We used the Maxent default settings of randomly selecting 10,000 background locations from the entire study extent and regularization parameter of 1.0 to balance model complexity and fit (Elith et al. 2011). We used the auto features function to evaluate linear, quadratic, product, hinge, and categorical features based on the number of presence records for each species (Phillips et al. 2017). We chose the logistic output within Maxent, a logistic transformation of the raw maximum entropy values dependent on a prevalence value or the probability a species was present at sites with average conditions (τ; Guillera-Arroita et al. 2014), to report values in terms of relative habitat suitability (Elith et al. 2011). The default τ value in Maxent, 0.50, is only suitable for species with similar prevalence values, otherwise the model error increases, changing the τ value to be more suitable for the species being studied is recommended (Guillera-Arroita et al. 2014). Occupancy models at the landscape scale found New England cottontail occupancy probability was lower and eastern cottontail occupancy probability was higher than 0.50, thus we ran three sets of models for each species so τ would reflect the mean (τ = 0.25 for New England cottontail, τ = 0.79 for eastern cottontail), lower 95% credible interval (τ = 0.16 for New England cottontail, τ = 0.69 for eastern cottontail) and upper 95% credible interval (τ = 0.36 for New England cottontail, τ = 0.88 for eastern cottontail) values found in Bischoff et al. (2023a ). Specific values reported in the results were from the mean τ value model runs, but the output maps were an average of all τ values for each species.
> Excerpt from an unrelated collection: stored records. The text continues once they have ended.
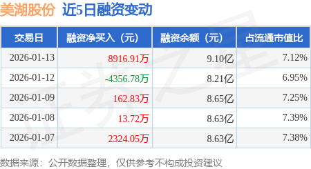 证券之星消息,1月13日,美湖股份(603319)融资买入2.79亿元,融资偿还1.9亿元,融资净买入8916.91万元,融资余额9.1亿元,近20个交易日中有13个交易日出现融资净买入。
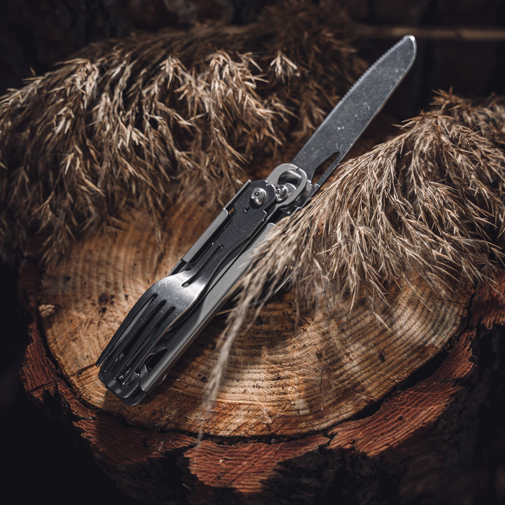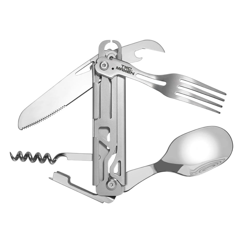 • 6-in-1 Bestecktool: Messer, Löffel, Gabel, Flaschenöffner, Dosenöffner, Korkenzieher
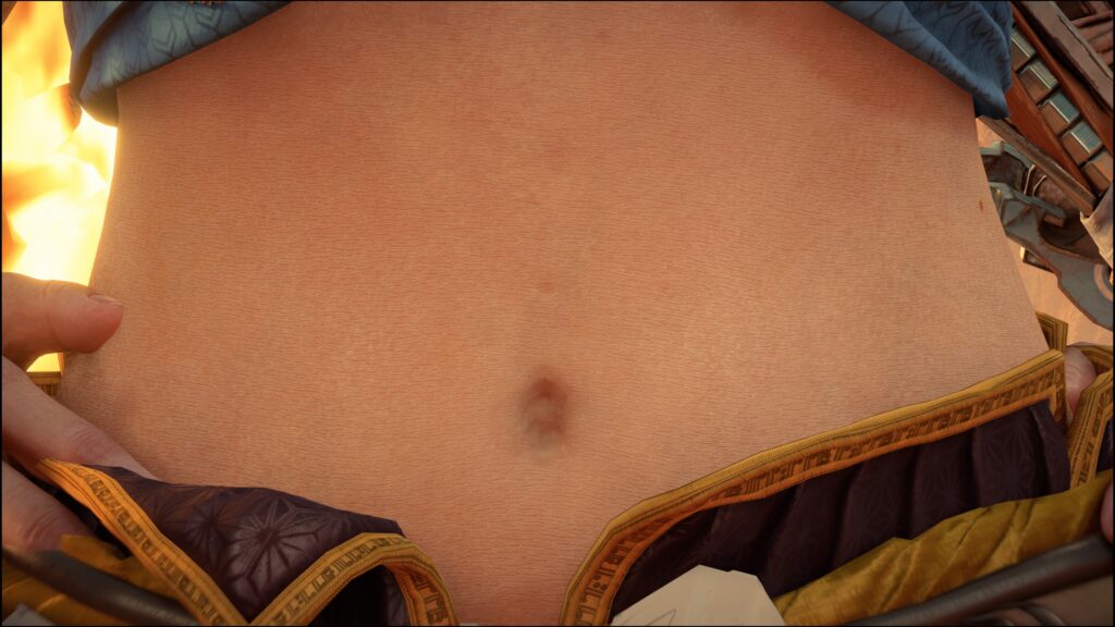 ゲームボリュームに関しては前作の倍近くあり、やりごたえはありましたがグラフィックが一新されたことで前作では良かったお腹の作りが全く別物になってしまったのが非常に残念。(上の画像は主人公アーロイのお腹)
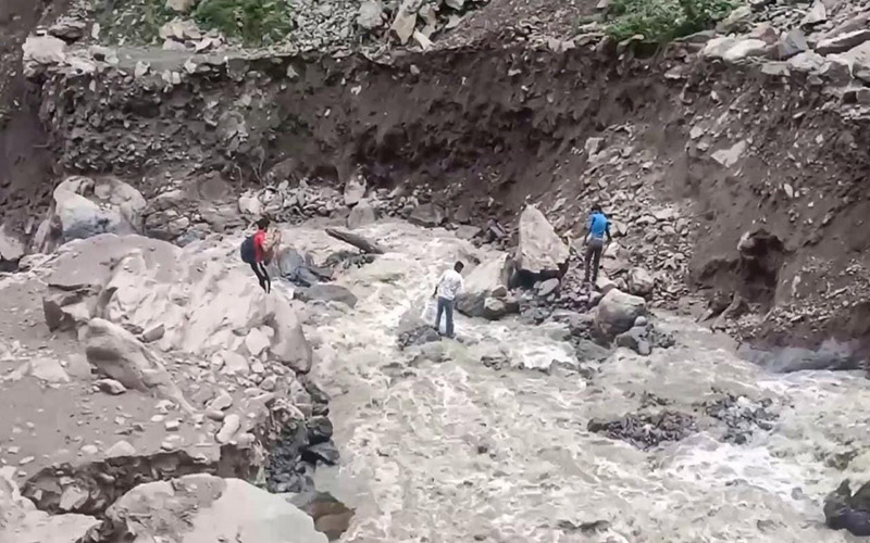 دچھن سڑک پر ٹنڈر نالے کا حصہ پانی بہا لے گیا، سڑک رابطہ منقطع
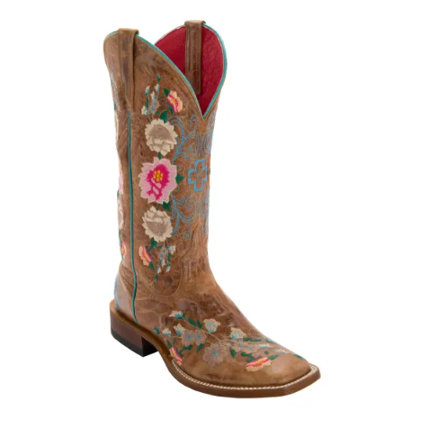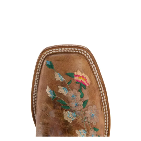 - Special Offer Anderson Bean Women's Macie Bean Antiqued Honey Brown with Rose Garden Embroidery Square Toe Cowboy Boots-TAN
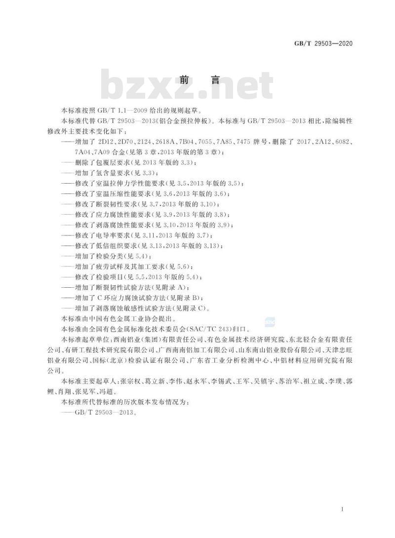 本标准代替GB/T295032013《铝合金预拉伸板》。本标准与GB/T29503—2013相比.除编辑性修改外主要技术变化如下:
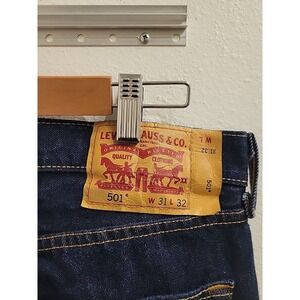 Levis 501 Jeans 31 x 32 Mens Classic Straight Leg Button Dark Wash Non Stretch
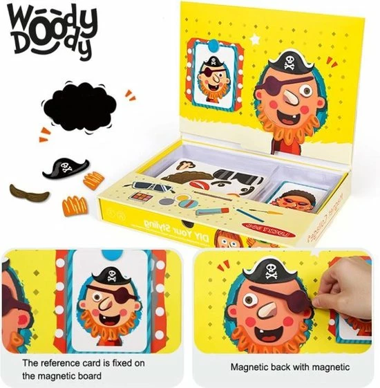 Een magnetisch plakboek met losse magneetjes waarmee je een gezicht kunt maken met losse haarstijlen, hoofdeksels, brillen, oortjes, neusjes en nog vele andere mogelijkheden.

We ran a 10-fold cross validation of the model for each τ value and species (6 models total, 3 models for New England cottontail and 3 models for EC) to produce error around model estimates and evaluate model performance. We used cross-validation over selecting training and test data so all the data could be used for model validation (Phillips et al. 2017) and to incorporate randomness into the testing and training data that matches the randomness of the background data (Elith et al. 2011). We used area under the receiver operating characteristic curve (AUC) to evaluate the performance of the Maxent models.
To find areas of high New England cottontail habitat suitability without high eastern cottontail habitat suitability, we averaged the three model outputs for each species and extracted the top 25% of suitability values for each species to map high habitat suitability. We overlayed these high habitat suitability outputs for both species and identified areas that had high habitat suitability for New England cottontail without high eastern cottontail habitat suitability.